Hector Tobar

It’s been a banner year for Héctor Tobar, UCI professor of Chicano/Latino studies and English. His most recent book, Our Migrant Souls: A Meditation on Race and the Meanings and Myths of “Latino,” has been named to nearly every “best books of the year” list out there. TIME Magazine’s 100 Must-Read Books of 2023 calls the work a “valiant effort” for capturing the “myriad of experiences, identities, and histories” of what it means to be “Latino.” The New York Times, which names the title among both its 10 Best California Books and 100 Notable Books of 2023, recognizes the writer and professor for delivering “a kaleidoscopic account of Latino American experience, dispelling stereotypes and underscoring diversity in prose that is by turns lyrical, outraged, scholarly and affectingly personal.” Amazon’s Best Books of 2023 lists the work among its top 100 picks, and Audible – which named the book among its 13 Best Nonfiction Listens of the Year – says Our Migrant Souls should be “required listening to broaden our understanding of what remains a slippery concept for most Americans.”

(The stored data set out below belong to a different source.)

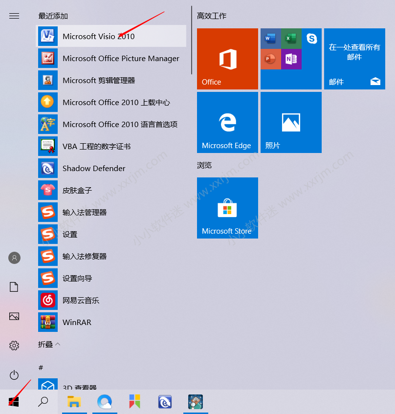 6.安装完成后,点开开始菜单,拖动visio2010快捷方式到桌面。
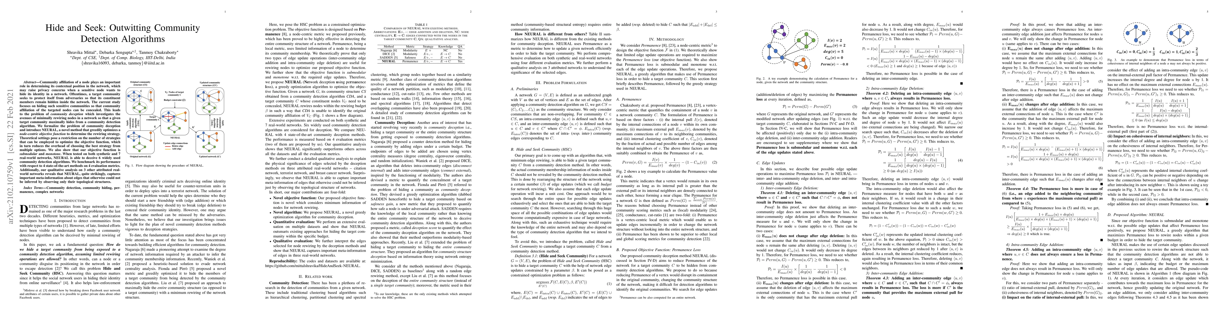This paper introduces NEURAL, a novel method for hiding sensitive communities in a network to deceive community detection algorithms by minimally rewiring nodes. NEURAL optimizes a submodular and monotone objective function to determine the best rewiring strategy, achieving superior performance against six detection algorithms on both synthetic and real-world networks.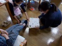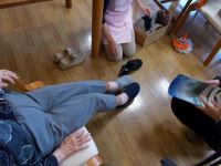 入居者様が日々履いていらっしゃるシューズはとても大切で、足に合わないシューズを履いていると転倒の危険性もある。また、高齢の方は浮腫みや飲んでいる薬で足のサイズが変わる為、歩行状態と病気の把握も大切。とのことでした。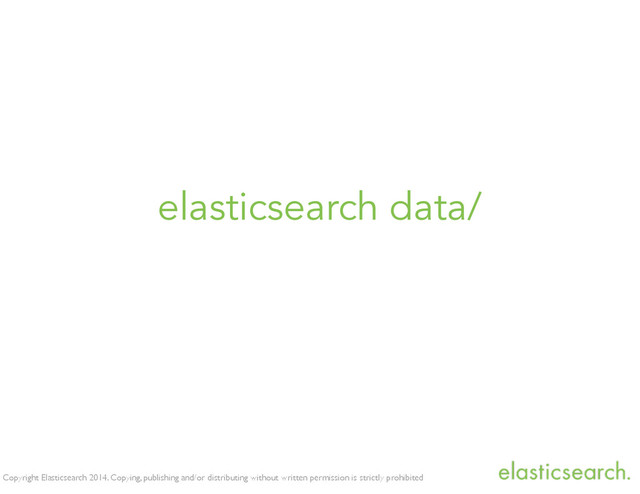 is strictly prohibited data directory • “data” directory in elasticsearch home by default • path.data in config/elasticearch.yml • --path.data=… on command line • handled by deb and rpm packages !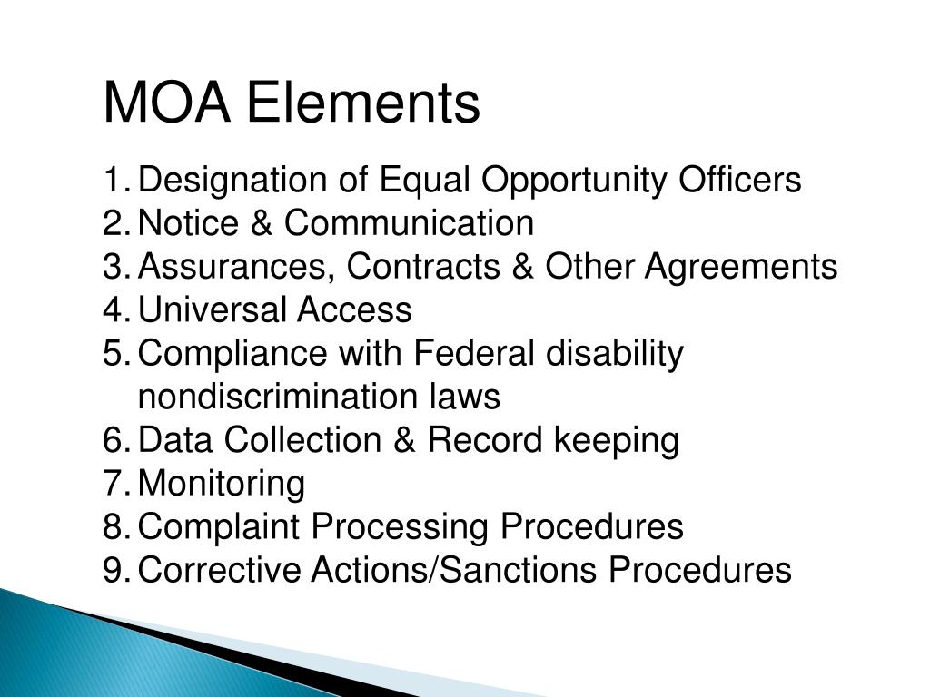 MOA Elements • Designation of Equal Opportunity Officers • Notice & Communication • Assurances, Contracts & Other Agreements • Universal Access • Compliance with Federal disability nondiscrimination laws • Data Collection & Record keeping • Monitoring • Complaint Processing Procedures • Corrective Actions/Sanctions Procedures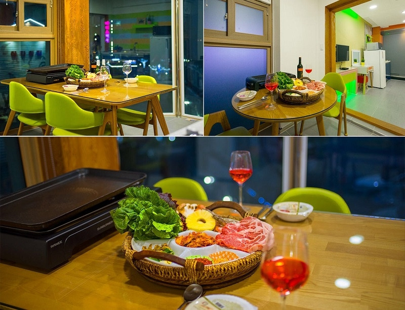 테라스에 제트스파와, 건식 사우나가 마련돼 있어 그동안 쌓인 피로를 풀기에 제격이다. 스파 옆에는 바비큐 테이블이 준비되어 있어서 대부도 노을을 보며 맛있는 고기를 맛볼 수 있다. 삼겹살과 새우, 소시지, 채소, 햇반 등이 포함된 바비큐 세트는 1인당 2만 5천 원에 이용 가능하다.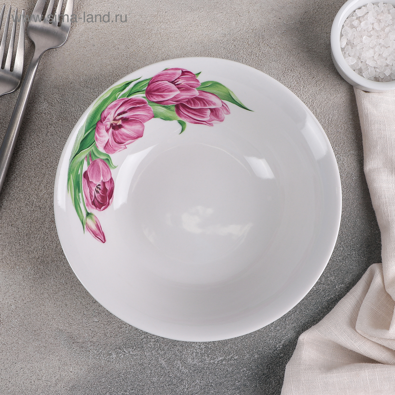 Салатник «розовые тюльпаны», 570 мл, D=17,5 см

Last month, the Pulitzer Prize-winning author was awarded the Kirkus Prize for the same non-fiction work, and in April, he received a Guggenheim Fellowship to support “The Los Angeles Novellas,” a series of short fiction works about the history of the Los Angeles metropolis and its future.

“Héctor Tobar’s words carry us across genres and geographies, always illuminating the paradoxes of our intertwined pasts and reaching toward new visions for the future,” says Bill Maurer, UCI social sciences dean. “We are privileged to count him among our faculty and I at least eagerly await each new work.”

Tobar began his career in the late 1980s as an editor of El Tecolote, a San Francisco newspaper. He then moved on to the Los Angeles Times where he spent five years as a metro reporter (1988-93) and took a brief hiatus to work for one year as the features editor at the LA Weekly before returning to the LA Times. He spent 18 years with the Los Angeles paper, holding posts as critic, columnist, foreign correspondent, national correspondent, and city reporter. Among his career highlights: three years as the Mexico City bureau chief, four years as the Buenos Aires bureau chief, and three years as a national correspondent. He also worked in the publication’s Baghdad bureau. He earned numerous awards for his writing, including a Pulitzer Prize for breaking news with the staff in 1993 and an Inter-American Press Association Award for Feature Writing. In 2006, Tobar was named among the 100 Most Influential Hispanics in the United States by Hispanic Business Magazine. He left the LA Times in 2014 and in the years since has worked as a contributor to the op-ed pages of The New York Times, while his short stories and essays have appeared in The New Yorker, and Best American Short Stories 2016 and 2022.

Tobar earned his MFA in creative writing, fiction at UCI in 1995. Alongside his journalism career, he’s taught at Loyola Marymount University, Pomona College, and Queens University in Charlotte, North Carolina. From 2014 to 2017, he was an assistant professor in the School of Journalism and Communications at the University of Oregon before he returned to his Anteater roots in 2017 as a member of the UCI faculty in both the School of Social Sciences and School of Humanities.